DOI: 10.1111/cobi.12910

Abstract

Scientists increasingly rely on protected areas to assist in biodiversity conservation, yet the efficacy of these areas are rarely systematically assessed, often as a byproduct of underfunding, particularly in developing countries. Still, adaptive management strategies to maximize conservation success often rely on understanding the temporal and spatial dynamism of population therein. Environmental DNA (eDNA) has been employed as a time and cost-effective method to monitor species’ distribution, with quantitative PCR (qPCR) techniques also assisting in our knowledge about abundance of aquatic taxa. To date however, this novel methodology remains underutilized by conservation managers in assessing populations in protected areas.

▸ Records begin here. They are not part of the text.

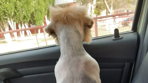 Во время стрижки у нашей модницы - пекинеса Эльзы случился приступ. Но все обошлось и, сияя красотой, она храбро защищала машину
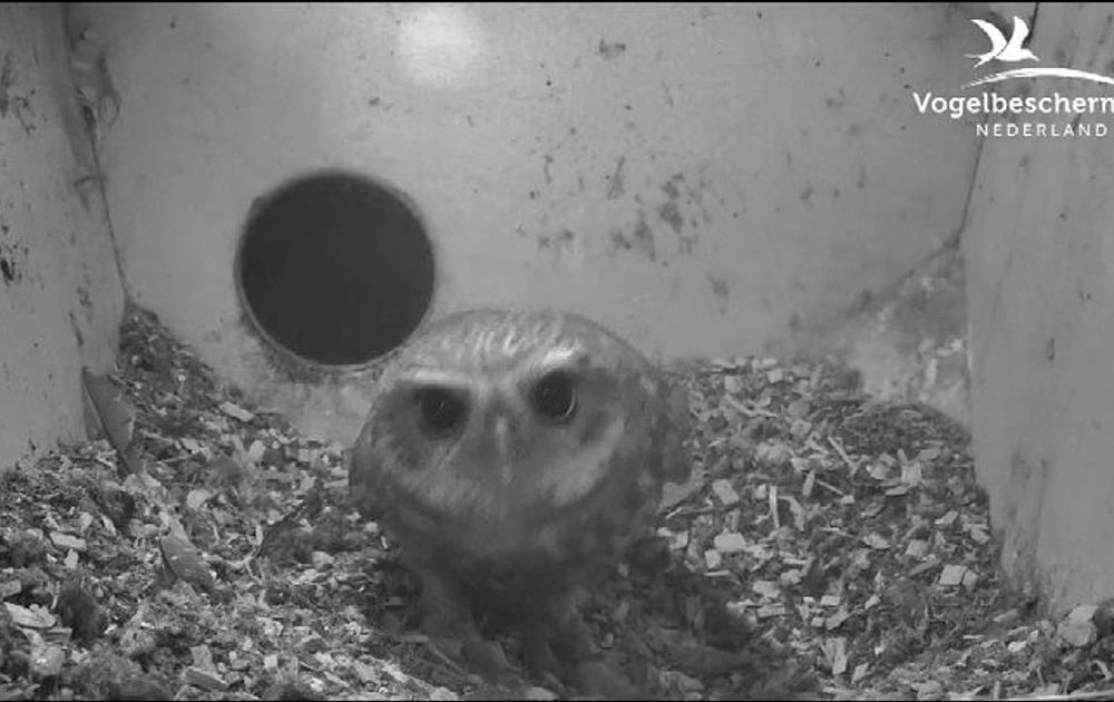 Om 1:36 uur stuift man zijn opgeruimde nestkast in. Een andere steenuil met interesse en ring! verschijnt op de tak. Daarna volgt een paar uur voorzichtig aftasten. De eerste fysieke toenaderingen zijn een paar uur later en om 4:20 uur lokt man de nieuwe uil de kast in. Of zij graag op de camera wil is nog de vraag........... Locatie Winterswijk
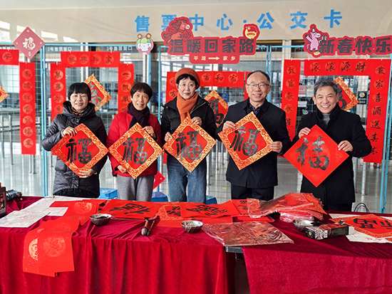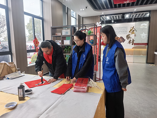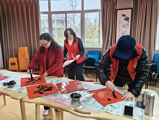 書法班、書畫創(chuàng)作班的十幾位學(xué)員于學(xué)期結(jié)束前,在龔國(guó)銘老師的帶領(lǐng)下,著手開展寫春聯(lián)活動(dòng)。自12月下旬開始到2月中旬,共組織了近40場(chǎng)送福送春聯(lián)活動(dòng)。為機(jī)關(guān)、學(xué)校、銀行、老年公寓、鄉(xiāng)鎮(zhèn)、村、社區(qū)、殘聯(lián)、企業(yè)等共書寫春聯(lián)3800多對(duì)、福字近5000個(gè)、迎春對(duì)聯(lián)軸300多軸、福牌和掛件1000多塊,為廣大市民送上真摯的新年問(wèn)候,以筆墨傳溫情、書香賀新春,傳遞美好祝愿。
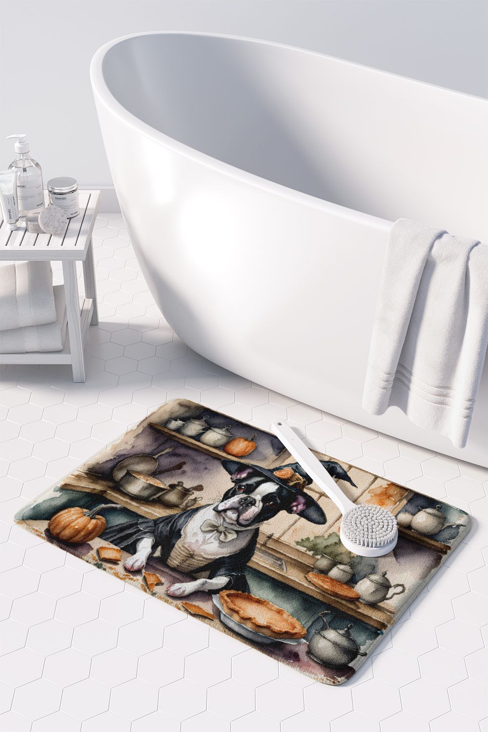 Memory Foam Kitchen Mat featuring breed specific Boston Terrier artwork. Celebrate Halloween with this Halloween Floor Mat. Transform your floor into a work of art with Caroline's Treasures' Memory Foam Mat. This mat offers not only a stunning visual appeal but also a luxurious, plush feel that's incredibly comfortable to the touch. It's a versatile, machine-washable mat designed for both bath and kitchen use, ensuring you experience the best in comfort and convenience. Care Instructions: Maintaining this memory foam mat is a breeze. Simply follow the care instructions on the product tag. It's recommended to wash in cold water and dry on a low-temperature setting in the dryer. This ensures the mat retains its quality and longevity, allowing you to enjoy its beauty and comfort for a long time. Caroline's Treasures' Memory Foam Mat Machine Washable is the perfect blend of artistry, comfort, and practicality, making it a standout addition to any space. Upgrade your home decor with this versatile and stylish mat today.
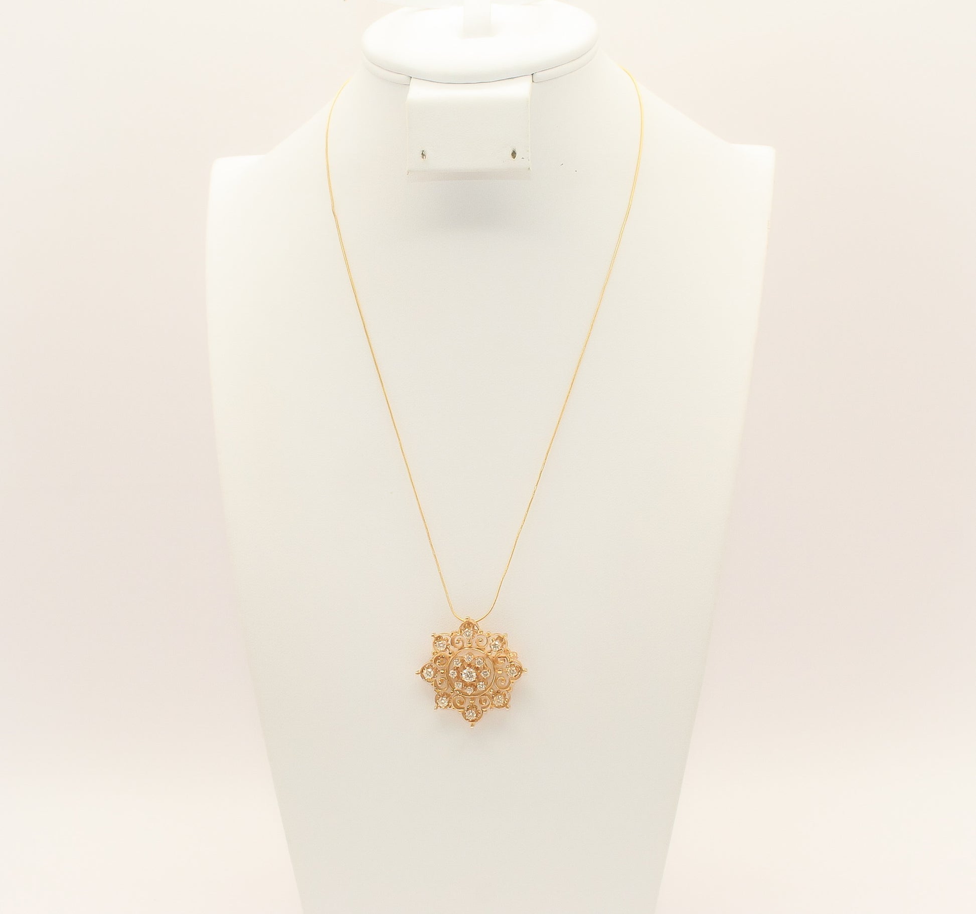 A diamond snowflake-like pendant and brooch set in 14k gold offers a stunning representation of winter’s beauty, capturing the delicate and intricate structure of a snowflake with a touch of elegance and luxury.
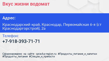 Вкус жизни, водомат по адресу Краснодарский край, Краснодар, Первомайская 6-я (ст Краснодаргорстрой), 2а в дальнейшем Организация, размещена в следующих категориях:
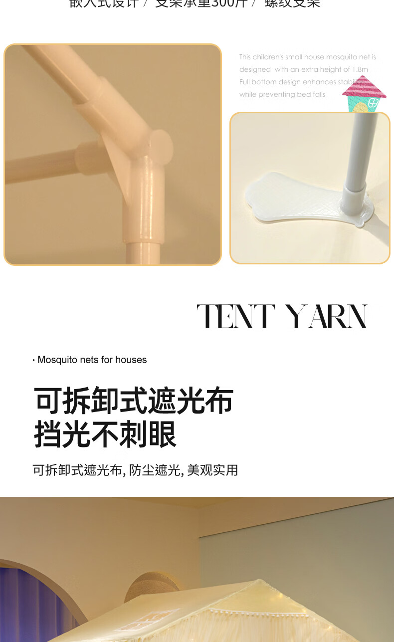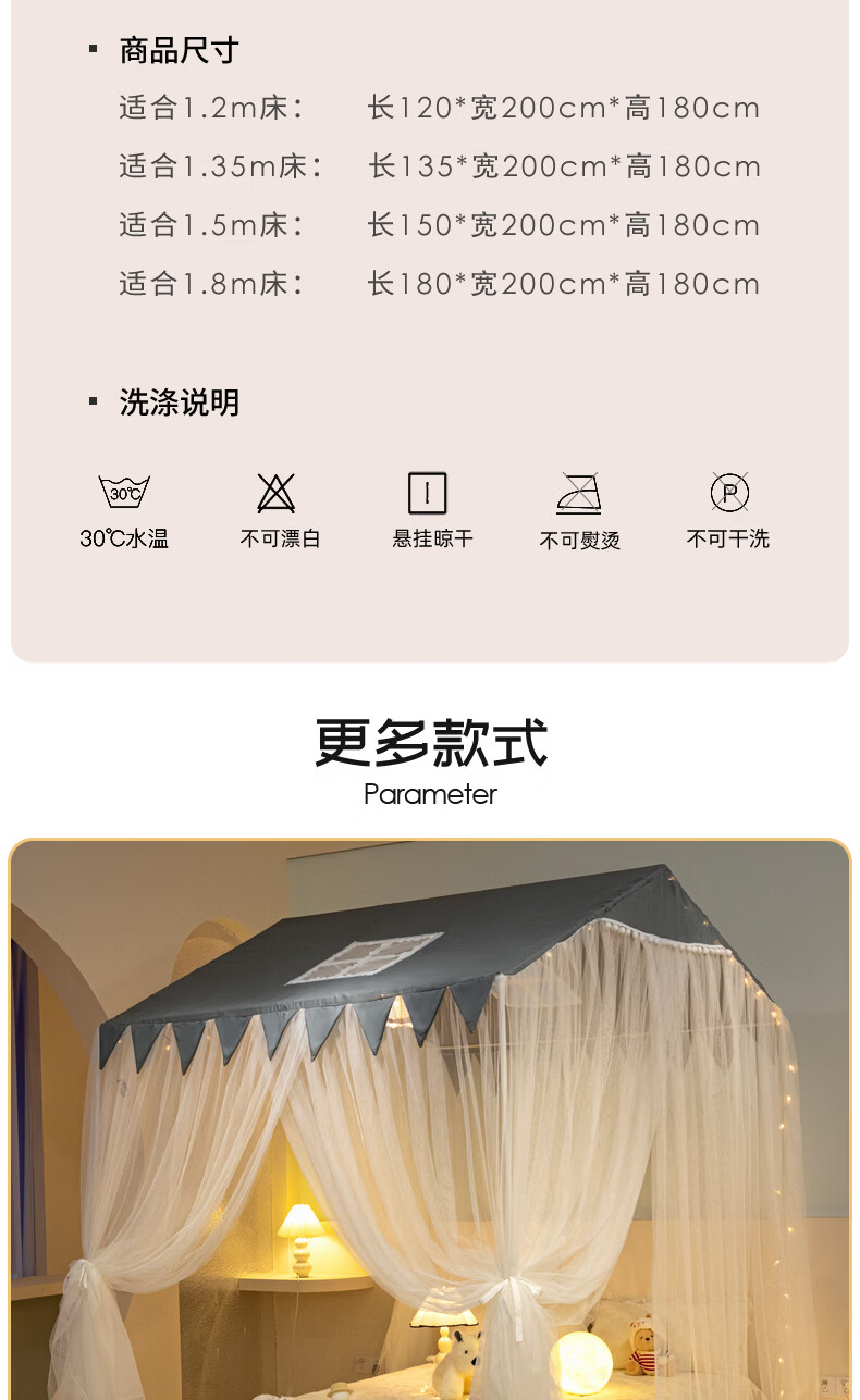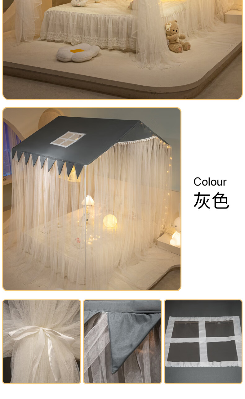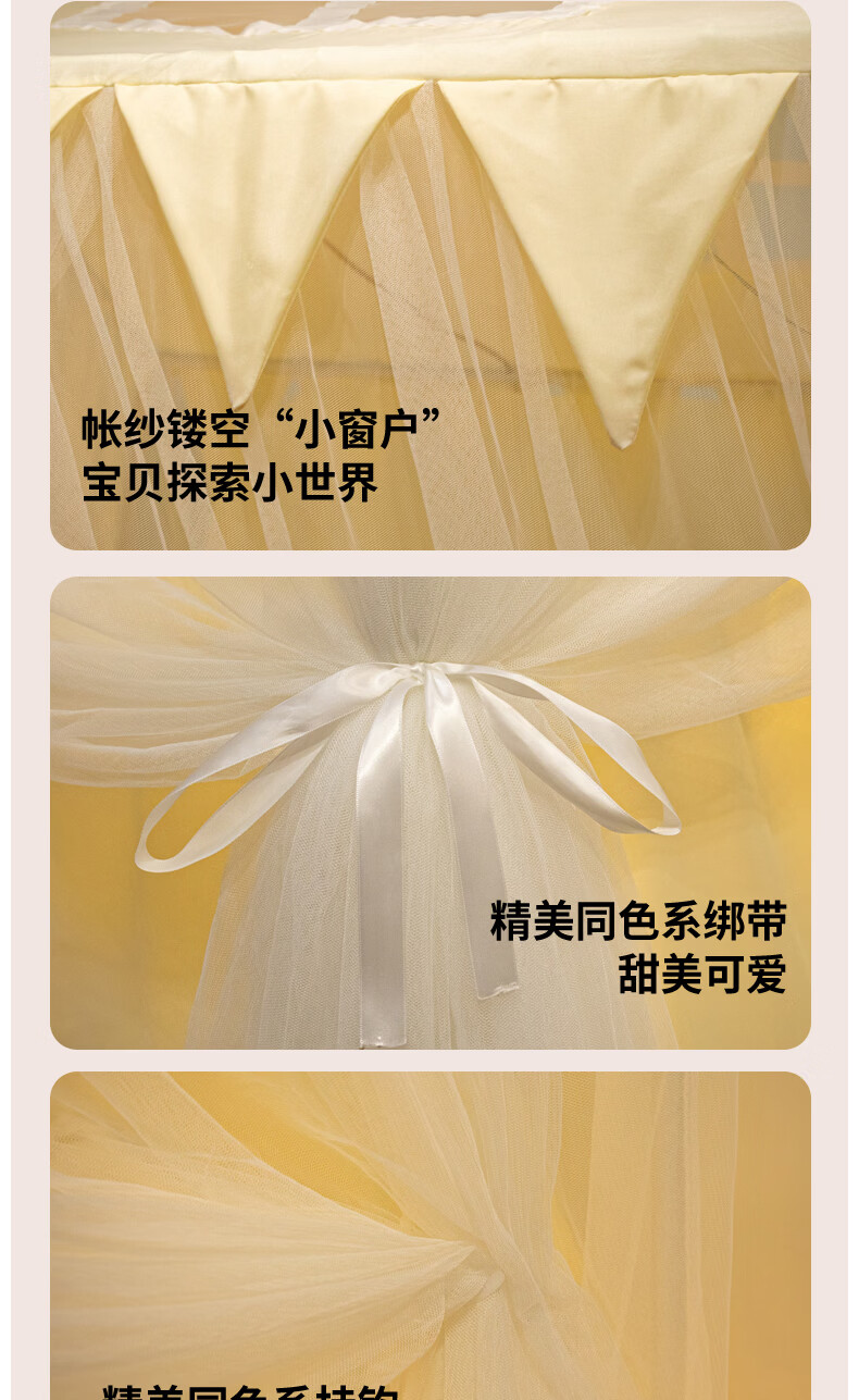无印良品防摔蚊帐1.8x2米家用一体式免安装防蚊儿童防掉卧室全包底三开门 米色【防蚊防摔 一体式免安装】 200cm*180cm*170cm 适用于1.8米床【一体式免安装支架】
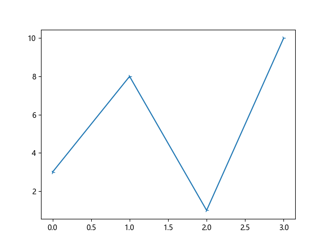 # 这三行代码使编译器能够绘图: import sys import matplotlib matplotlib.use('Agg') import matplotlib.pyplot as plt import numpy as np ypoints = np.array([3, 8, 1, 10]) # 使用朝右的三线标记绘制 plt.plot(ypoints, marker = '4') plt.show() # 这两行代码使编译器能够输出图形: plt.savefig(sys.stdout.buffer) sys.stdout.flush()
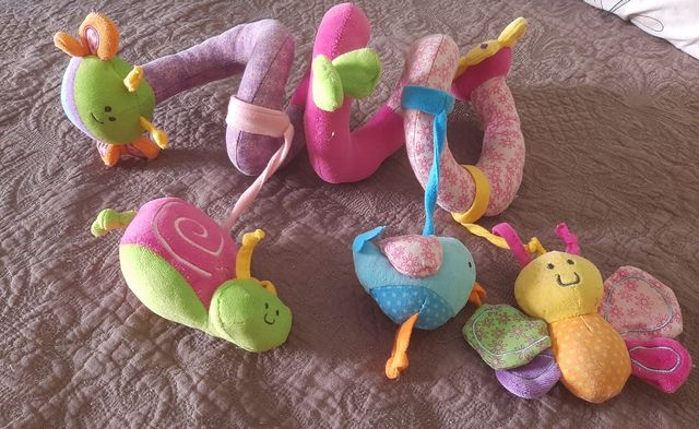 - Incluye un gusano, un caracol, un pájaro y una mariposa.
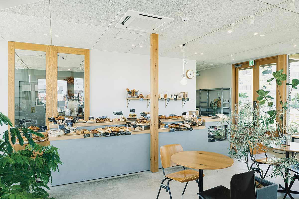 そんな彼らは顧客が気軽に訪ねられる場所として、モデルハウスの隣にパン屋兼オフィスを建設。1階がパン屋「ONION’S bakery」で2階がオフィス。2020年に開業。パンは日常的に口にするものなので気軽に立ち寄れる。顧客とコミュニケーションの機会を持ちやすいと判断した
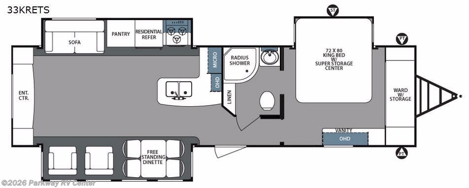 The triple slide Surveyor 33KRETS by Forest River features a rear entertainment center. You will love all of the space in the rear of this model!
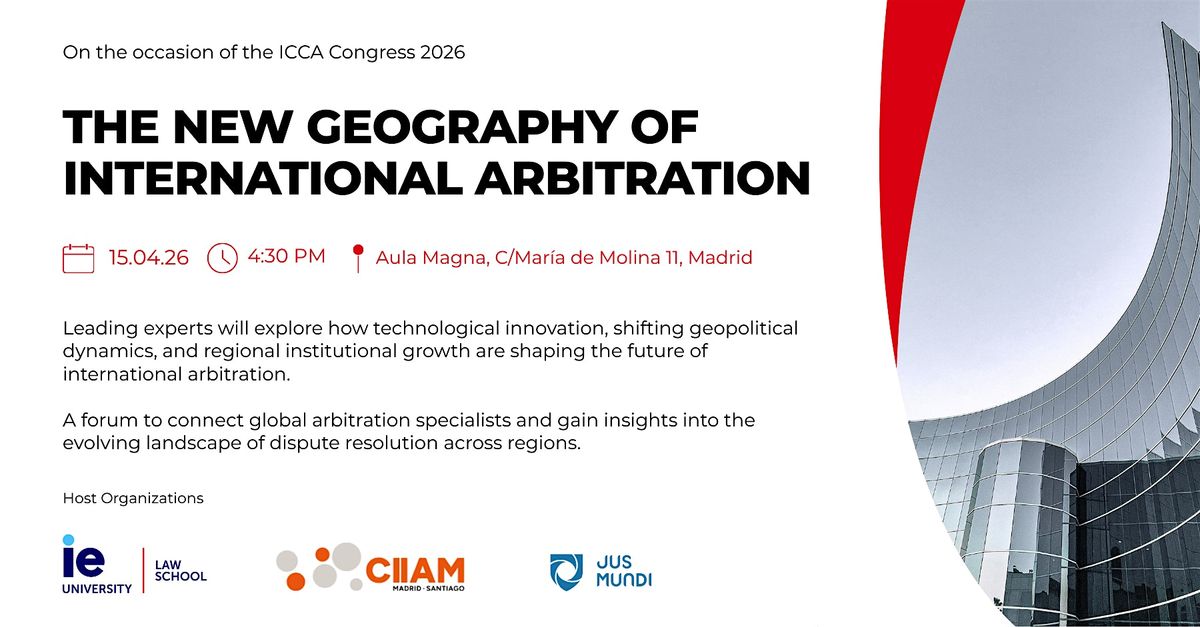 On the occasion of the ICCA Congress 2026, IE Law School, CIIAM – Centro Internacional de Arbitraje de Madrid, and Jus Mundi invite practitioners, academics, and arbitration professionals to a special gathering in Madrid.
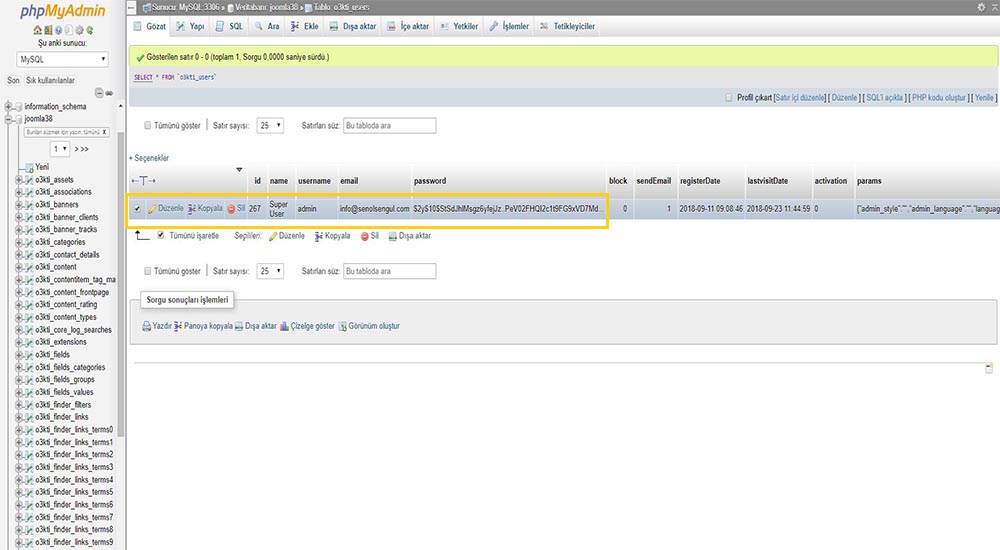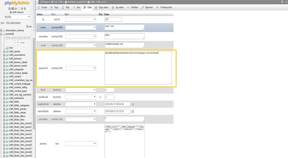 Bu gibi durumlarda şifreyi Joomla! Veritabanı üzerinden değiştirmek mümkündür, böylece Süper Yönetici olarak tekrar oturum açabilirsiniz. Bunlar Joomla! yöneticileri için olası yöntemlerdir.
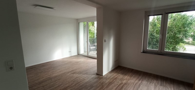 --> ein heller einladender Ess-Wohnraum mit großer Fensterfront, die geöffnet werden kann zum Balkon.
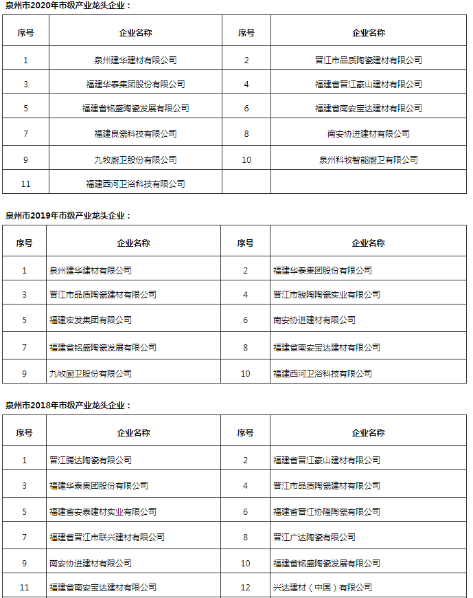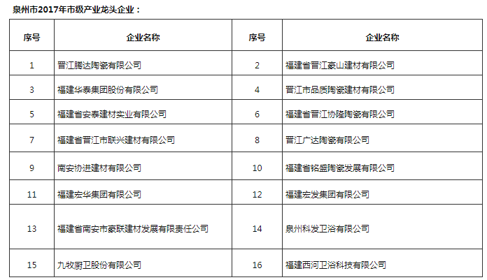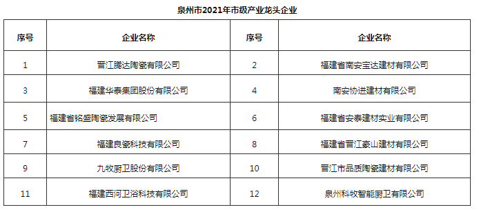 其中,建材家居行業中,協進、九牧等12家福建陶衛企業進入2021年泉市級產業龍頭企業項目名單。

In this study, we used eDNA concentration of the critically endangered Yangtze finless porpoise (Neophocaena asiaeorientalis asiaeorientalis) to circumscribe population ecology in the Tian e-Zhou National Nature Reserve in Hubei, China. We developed, validated, and optimized a qPCR-based eDNA method and applied this protocol to diagnose the geographical reserve use across seasons. Our results suggest spatio-temporal idiosyncrasies, highlighting previously undescribed site and habitat preferences, and a propensity for post-breeding population dispersal. eDNA thus presents a quick and cost-effective method for assessing population-wide utilization of a protected area and, when accounting for environmental-specific nuances, can prove useful for current and future conservation goals.